Fat body or its derivatives, HFBX and MFBX, only induced proliferation of stem cells. Differentiation required the addition of medium conditioned by mixed cultures containing stem cells, differentiating cells and mature goblet and columnar cells. Therefore, another factor, or set of factors, produced by differentiating and/or mature forms of M. sexta midgut cell, is required in synergy with fat body factors to induce differentiation of midgut stem cells in vitro. This dependency shows that the mature larval midgut epithelium regulates differentiation of the stem cells. Such dual regulatory mechanisms are typical of stem cell systems in which cells replicate but also commit some of their daughter cells to differentiate to other forms. Hematopoietic stem cells require erythropoietin to multiply, but specific colony-stimulating growth factors are needed to regulate the types of cells which differentiate from stem cells (Burgess and Nicola, 1983). Negative control is exerted by growth factors such as transforming growth factor β(TGFβ() from stromal cells or mature hemopoietic cells (Haig, 1992). In vertebrate gut epithelium, ordinary stem cell division is regulated by circulating epidermal growth-factor-like or gastrin-like molecules. However, when lesions develop, local soluble factors direct both stem cell division and differentiation (Burgess and Nicola, 1983; Potten and Chadwick, 1994).

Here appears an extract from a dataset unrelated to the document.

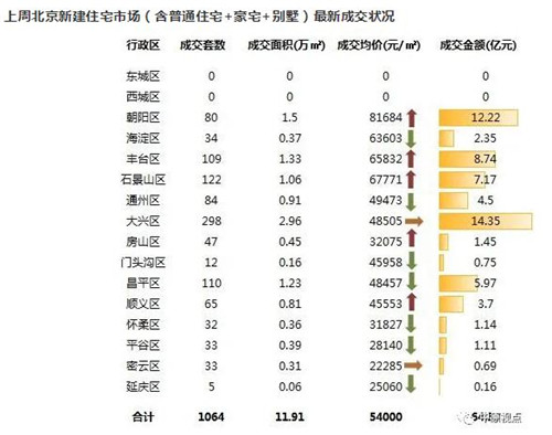 房訊網訊 根據北京中原的統計數據,上周北京新建住宅市場成交64.32億元,與前一周幾乎持平,創下今年成交額周度第三位。成交1064套,環比前一周減少86套,其中排名前20樓盤中,非限競房占據主力。最新新房成交均價為54000元/平方米,價格環比上揚。

The differentiation factor(s) in midgut conditioned medium was not destroyed by heating to 100 °C for 5 min. Since the carrier of the insoluble protease used, carboxymethylcellulose (CMC), had no effect on the activity of conditioned medium, the destructive effect of the insoluble protease preparation was undoubtedly due to protease and not to CMC. Amylase and lipase had intermediate deleterious effects on conditioned medium effectiveness. Data from Amicon microconcentrators indicated that the M_r of Manduca sexta midgut differentiation factor (or factors) was 10×10³ or less, thus implicating a small peptide (or peptides). Vertebrate differentiation factors, such as the colony-stimulating factors necessary for vertebrate hematocyte differentiation, are peptides of 23–28 kDa (Burgess and Nicola, 1983), while TGF has a molecular mass of approximately 25 kDa (Deuel, 1987). Thus, the factor or factors responsible for insect midgut differentiation appears to be smaller than the peptides commonly associated with this function in vertebrates.

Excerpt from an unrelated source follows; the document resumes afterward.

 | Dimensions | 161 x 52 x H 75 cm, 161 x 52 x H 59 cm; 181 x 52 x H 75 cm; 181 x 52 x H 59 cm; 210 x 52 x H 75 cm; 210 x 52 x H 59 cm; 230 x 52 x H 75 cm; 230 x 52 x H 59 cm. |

We have demonstrated that isolated larval midgut stem cells proliferate in culture in the presence of molting hormone (20-HE) and growth factors from fat body. However, in order to differentiate, stem cells must also receive soluble chemical messages from mature or maturing cells in the midgut epithelium. Proliferation and differentiation in vitro did not proceed at the same rapid rate reported in vivo (Baldwin and Hakim, 1991). Therefore, there are more controlling factors yet to be discovered in this system. However, it is evident that the development of Manduca sexta larval midgut is, in part, self-regulated.

Thanks to Drs Carol Sheppard and Kate Baldwin for helpful comments on the manuscript and to Kimberly Jones for excellent technical assistance. Mention of commercial products in this manuscript does not imply endorsement by the US Department of Agriculture.